There is a third thinking trap, dealing with holism and pluralism. This is a trap whereby the system thinker may become convinced that the system, or systemic intervention that is being designed to effect a strategic change is whole. That it has considered all interrelationships and all interdependencies. Also, that it is in no way partial, that it has absorbed every single perspective and claims to be all things to all people in its system boundary judgements.
This is of a course a trap as no design can make a claim to complete holism and complete pluralism.
I have been working with a client who has been doing a number application migrations from external DC (DataCentre) providers to internally managed data centres. The business driver for this activity is application security remediation and OpEx cost reduction.
My involvement has been in providing DevOps Engineering Management to influence the approach and the effectiveness of migration activities that I have been involved with.
Recently I was involved with an unsuccessful migration project and I want to show you how a Systems Thinking tool can be effective in describing the mental model of what constitutes a successful migration, why this one was not successful and how the model can be used to identify leverage points that can be changed (strategic changes) in order to be more successful on the next attempt (and with other similar, ‘messy’ migrations).
A ‘messy’ (or wicked) problem is a systems thinking term to denote a problem situation where there are multiple perspectives, multiple variables and a large degree of uncertainty. This is juxtaposed against ‘tame’ problems where there are fewer variables and a single overarching perspective. Messy problems typically need Systems Thinking to improve on them.
I want to show how causal loops in System Dynamics, a Systems Thinking tool, can model the types of interactions and resulting feedback loops which I believe contribute to the successful migration of applications out of external DCs and into either on-premise or internally managed Cloud DCs. The modelling process is a collaborative tool to illustrate the understanding of the current problem situation to the stakeholders and to assist with strategy making for an intervention. The problem is framed as one where insufficient or incorrect boundary judgements are being made by the engineering group on the system to migrate the application. To me, the word ‘boundary’ in this context has a practical utilitarian component. It should be being renegotiated in order to make the likelihood of the application migration successful.
Having the two groups, DC / Security Operations and the Application Engineering group effectively collaborating about taking collective responsibility for boundary judgements increases the likelihood of achieving a higher level of ‘requisite variety’ which is a concept formulated by William Ross Ashby, an English psychiatrist, pioneer of cybernetics (which is the study of complex systems). More on ‘requisite variety’ later.
Before I show and explain the Systems Dynamics causal loop diagram illustrating the Application DC migration dynamics, a quick reference link to Jay Wright Forrester, the founder of Systems Dynamics.
Application Migration System Dynamics Diagram :
When looking at the feedback loops, the flow is clockwise.

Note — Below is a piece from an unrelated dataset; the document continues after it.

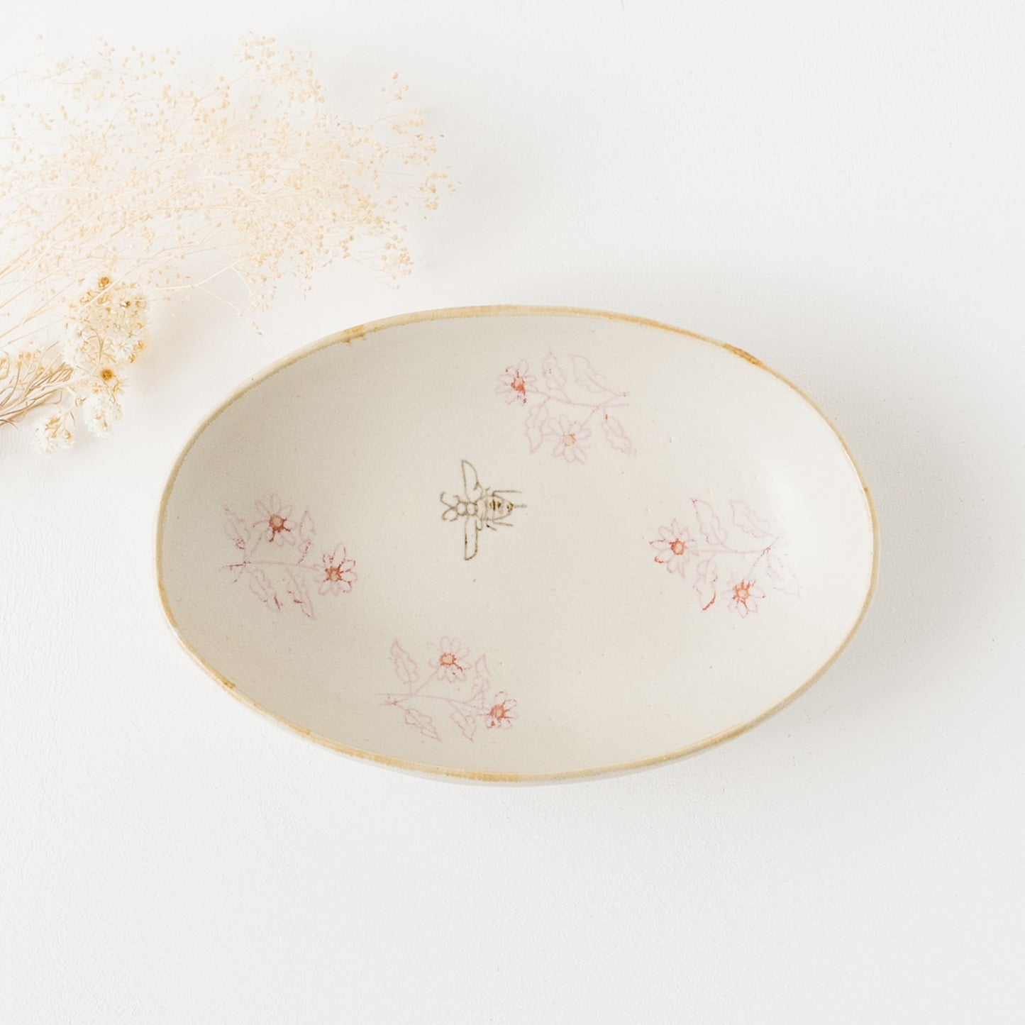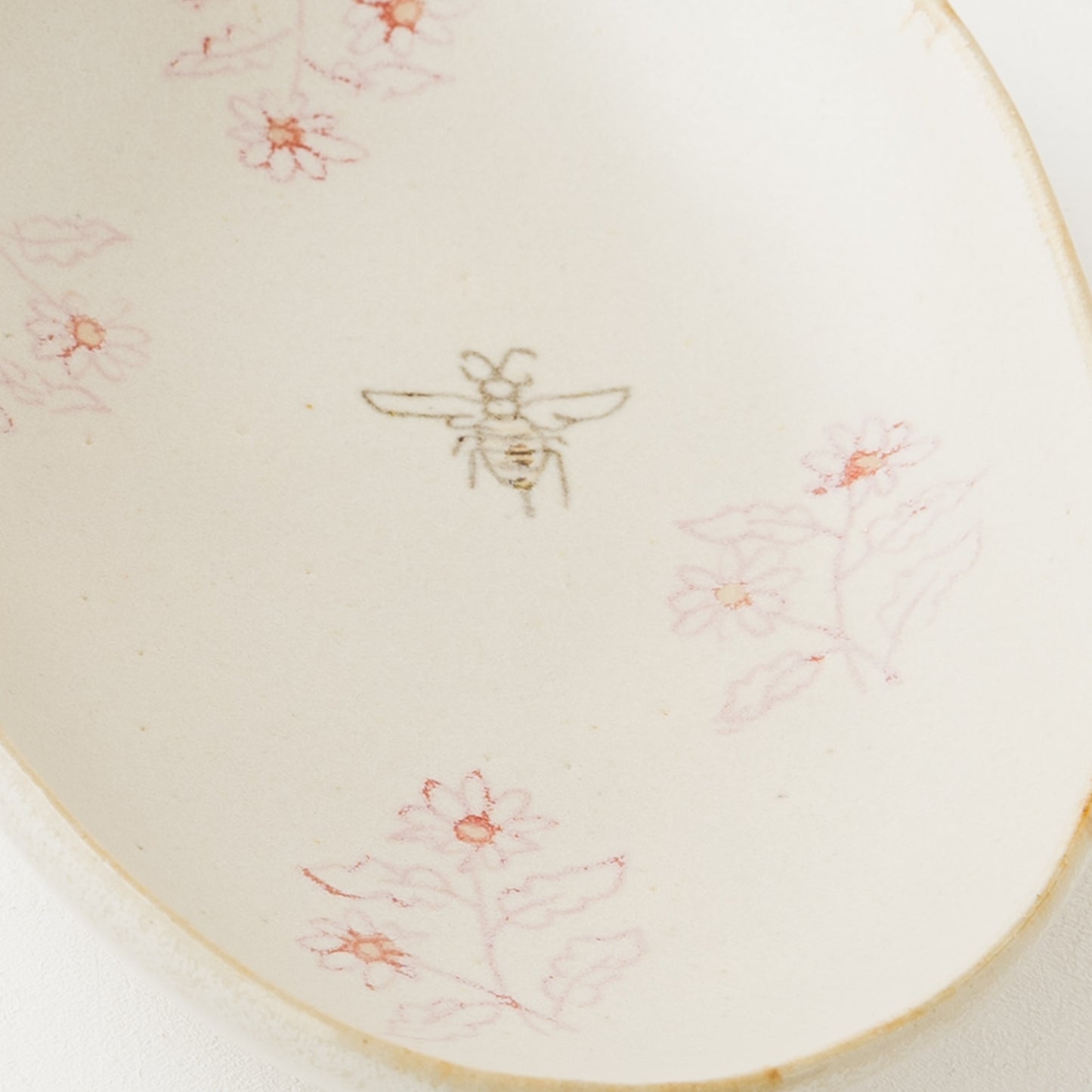 蜜を求めてお花畑を飛び回っているかわいらし蜂が絵本の中の1ページのよう。下絵をもとに彫り、そこに色を入れていく線刻という技法で描かれているので独特で柔らかなタッチの絵柄と淡くやさし気な色合いが表現されるので見惚れてしまいます。

On the diagram, each phrase, for example ‘App Migration Backlog’ denotes a variable that can be increasing or decreasing. The increase or decrease in the variable is also the cause for an increase or decrease in the downstream linked variable based on the polarity of the causal link (+ or -).
A ‘+’ denotes that if the ‘cause’ variable increases the linked variable will also increase.
Also, if the ‘cause’ variable decreases the linked variable will also decrease.
So a ‘+’ indicates a change IN THE SAME DIRECTION between the cause and the effect.
A ‘-’ indicates a reversed polarity. So if the ‘cause’ variable increased then the linked variable will decrease.
Also if the ‘cause’ variable decreases then the linked variable will increase.
So a ‘-’ indicates a change IN THE OPPOSITE DIRECTION between the cause and the effect.
Explanation of the dynamics in the diagrams:
These diagrams in my opinion demonstrate the dynamics required for a successful application migration out of an external DC provider and into an internal on-premise or internal Cloud DC.
There are two stakeholders working together and two perspectives.
- A DC Operations infrastructure and security group.
- An Application engineering group.
There are other stakeholders involved, such as product/service management and suppliers but for the purposes of simplification I have excluded these and focussed only on the two primary collaborating groups.
The two perspectives can be described as follows
- The DC Operations group has a mandate to exit the external DC by a certain date (to achieve the OpEx cost reduction) and to make sure the application is secure in its new location. By secure I mean that the application data is in a correctly classified zone, the application is tiered into secure VLAN segments and so on.
- The Application engineering group views the application as fragile and is of the opinion that the entire application pipeline needs to be redesigned, the application needs a build server, to be packaged with a suitable taxonomy, proper configuration management practices designed and implemented, automated deployment mechanisms implemented, environment entropy removed and the relationships with the suppliers reevaluated.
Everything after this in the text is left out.